2013 — 24 April: Wednesday

One of the extras on last night's "A Room with a View" was an excellent 26-minute BBC obituary (originally broadcast on 14 July 1970) of EM Forster featuring inter alia Lord Annan, Frank Kermode, George Steiner, Richard Marquand1 and Christopher Isherwood all expertly stitched together by a chap I'd never heard of (James Mossman). It stood in stark (and fascinating) intellectual contrast to the more recognisably-modern style of clips from a couple of BBC breakfast chat shows of 1986 in which Simon Callow and Daniel Day-Lewis were clearly trotting around on the "film promotion" sofa interview circuit. Since I didn't have any access to TV in 1970, and have never got into the habit of watching any breakfast shows, I was — like Oliver Sacks' anthropologist from Mars — rivetted.

I do not believe in Belief, but this is an Age of Faith, and there are so many militant creeds that, in self-defence, one has to formulate a creed of one's own. Tolerance, good temper, and sympathy are no longer enough in a world which is rent by religious and racial persecution, in a world where ignorance rules and science, who ought to have ruled, plays the subservient pimp.

Date: 1940s


Rather prescient words, I thought, from a wartime essay by Forster called "What I believe." [Pause] On with my own breakfast show. It's distinctly cooler this morning, so far...

Monsieur Le Crockpot is stuffed, and embarked on his next thermal journey. The wheelie bin guys have, erm, bin and gone. And I'm listening to an interesting account of the Panama Canal. They're building new, bigger, locks for new, bigger, ships. A lock 2km long (in a seismic area) is quite a proposition. (Link.)

My OCR software...

... is doing its best to convince me my PC is not a finite state machine. While scanning my CD artwork, I generally try to use the track listings as printed on the sleeve. Occasionally2 these are printed either stupidly small, or in stupid colours, or both, or using stupid fonts, or too stupidly well-concealed among a thicket of 'arty' graphics that the text is basically illegible. (I am not now, nor ever was, a fan of the "New Typography". I regard it with the same low regard I have for almost all the punk music that originated at much the same time.)
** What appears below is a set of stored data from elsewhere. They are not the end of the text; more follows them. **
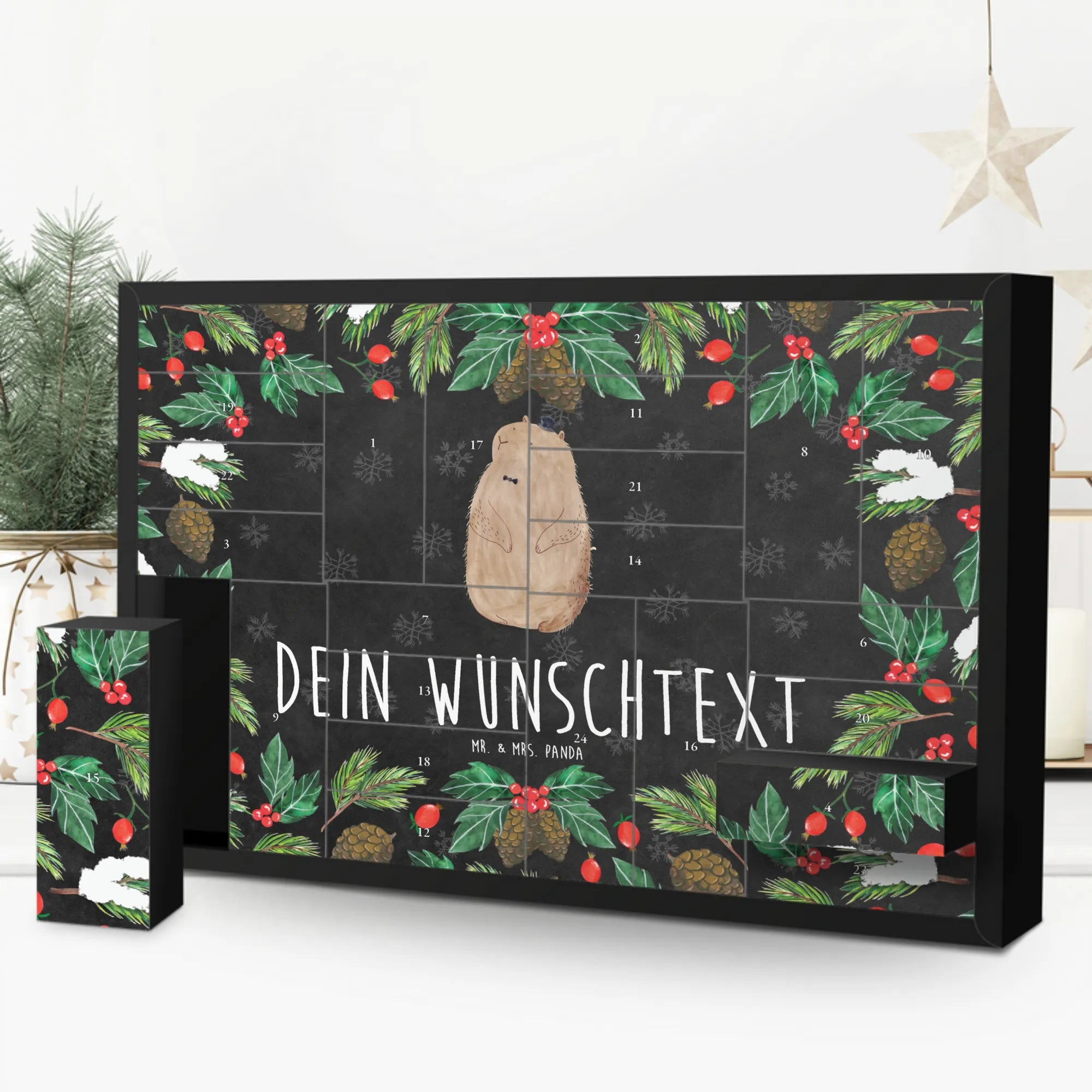 Personalisierter Befüllbarer Adventskalender von Mr. & Mrs. Panda – dein perfekter Begleiter durch die Vorweihnachtszeit! Dieser liebevoll gestaltete Adventskalender ist bedruckt mit wunderschönen Sprüchen und Motiven von Mr. & Mrs. Panda und lässt sich ganz nach deinem Geschmack personalisieren: Trage deinen Wunschnamen oder Wunschtext ein, und wir drucken ihn auf die Vorderseite. Auf der Frontseite findest du eine zauberhafte Zeichnung von Mrs. Panda, die dem Kalender einen warmen, persönlichen Touch verleiht. Der Kalender verfügt über 24 praktische Schachteln zum Selbstbefüllen, ideal für kleine Überraschungen, Süßigkeiten oder liebe Botschaften. Material: stabiler Adventskalender Karton mit brillanter Druckqualität und seidenmatter Oberfläche für eine hochwertige Optik. Besonderheit: inklusive Aufstellvorrichtung, sodass du den Kalender überall dekorativ platzieren kannst. Besonderer Hinweis: wird ohne Füllung geliefert – so kannst du ihn individuell bestücken. Maße: Breite: 619 mm, Höhe: 405 mm, Tiefe: 50 mm. Ein tolles Geschenk für Familie, Freunde oder als persönliche Deko für dein Zuhause. Bestelle jetzt deinen personalisierten Adventskalender und erfreue deine Liebsten jeden Tag im Dezember mit kleinen Überraschungen!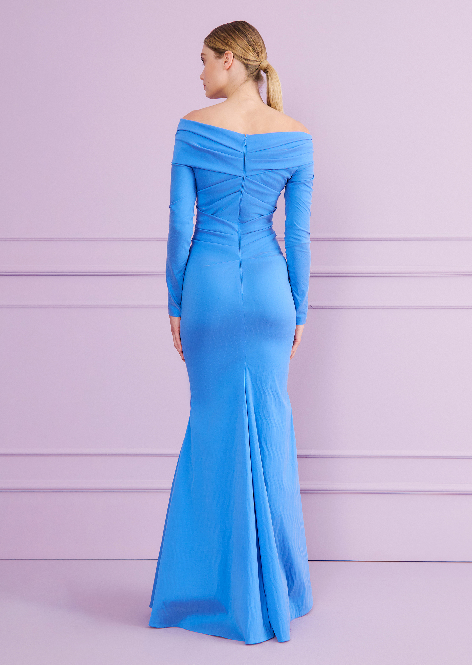 Behaving like a diva? That’s not your style! You prefer to express your inner diva through fashion with an exciting, glamorous look. This floor length evening gown helps you do just that. We made it out of an unbelievably comfortable stretch taffeta fabric. This fabric has a beautiful subtle shine and is also very comfortable to wear. The cut is quite something, too. The asymmetric drape on the upper body accentuates the shoulders, while additional draping makes the waist appear slimmer. Long sleeves boost your self-confidence. Plus, the fishtail skirt accentuates the feminine silhouette. All this makes this evening gown a perfect piece for the red carpet, an opera premiere or a formal dinner.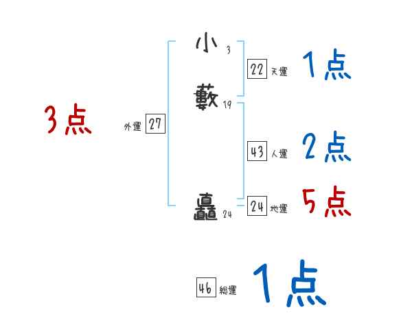 天運![]() | 小藪矗さんの天運は22画の1つ星!努力することが苦手ないっぽう手先が器用。芸術性にも優れる。 家系が持つ宿命的な運勢を表します。祖先から受け継いだ苗字ですので自分の力が及びません。家柄を象徴します。 |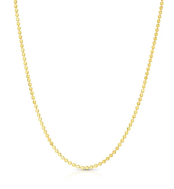 Elevate your style with the DOTTED DELIGHT NECKLACE in gold. Its intricate dotted chain adds a subtle yet stylish touch to any look. With a simple and sophisticated design, this necklace is the perfect accessory for any occasion.

"Plan B" in such cases uses Windows Explorer to list the "Details" view of the tracks from my MP3 rips3 then the "Snipping Tool" to capture this and save temporarily as a Jpeg for feeding straight to my trusty Omnipage 18 to turn into simple ASCII text for importing into my Xara graphics program. Simple enough for almost any child of five years or more these days, I fear.

About half the times I have to use "Plan B", Omnipage eats the digit "5" of the track number and turns it into the letter "S". Short of increasing the size of my entire desktop system fonts to give it a few more pixels to analyse, I don't see any way round this charmless glitch.

Suddenly...

... it's time to rein in the crockpot's journey, before the culinary perfection of my evening meal is — as it were — overshot. When I went out into the back garden earlier this afternoon to retrieve a doll flung over the fence by the young lady next door I noticed my tulips are finally all coming out to play. The ground is pretty well covered by primroses, too. They evidently self seed. Or self root. Or whatever the technical term for "spread like weeds" is. The ornamental cherry is blossoming, as is the pear tree. Even the vine is slowly waking up. It's becoming a fecund jungle out there once again, Christa!

Narrow escape

Having spotted in the small print the fact that my Spanish Bank was about to start taking a regular lump out of my account unless I pay in a regular lump each month I've just cunningly drained the dregs and boosted them over to my non-Spanish Bank. Now all I have to do is remember to tell them to close the account before the end of April. Such good fun.

  

Footnotes

1  That one took me by surprise, I admit. I dread to think what that says about me. I'm almost ashamed to admit that I first knew of Forster for his SF short story "The Machine Stops".
2  For the sort of reasons I suspect I could only ever understand by becoming a Media Studies / Graphic arts student.
3  Also an effective method of uncovering any CDs that have somehow escaped my ripping process!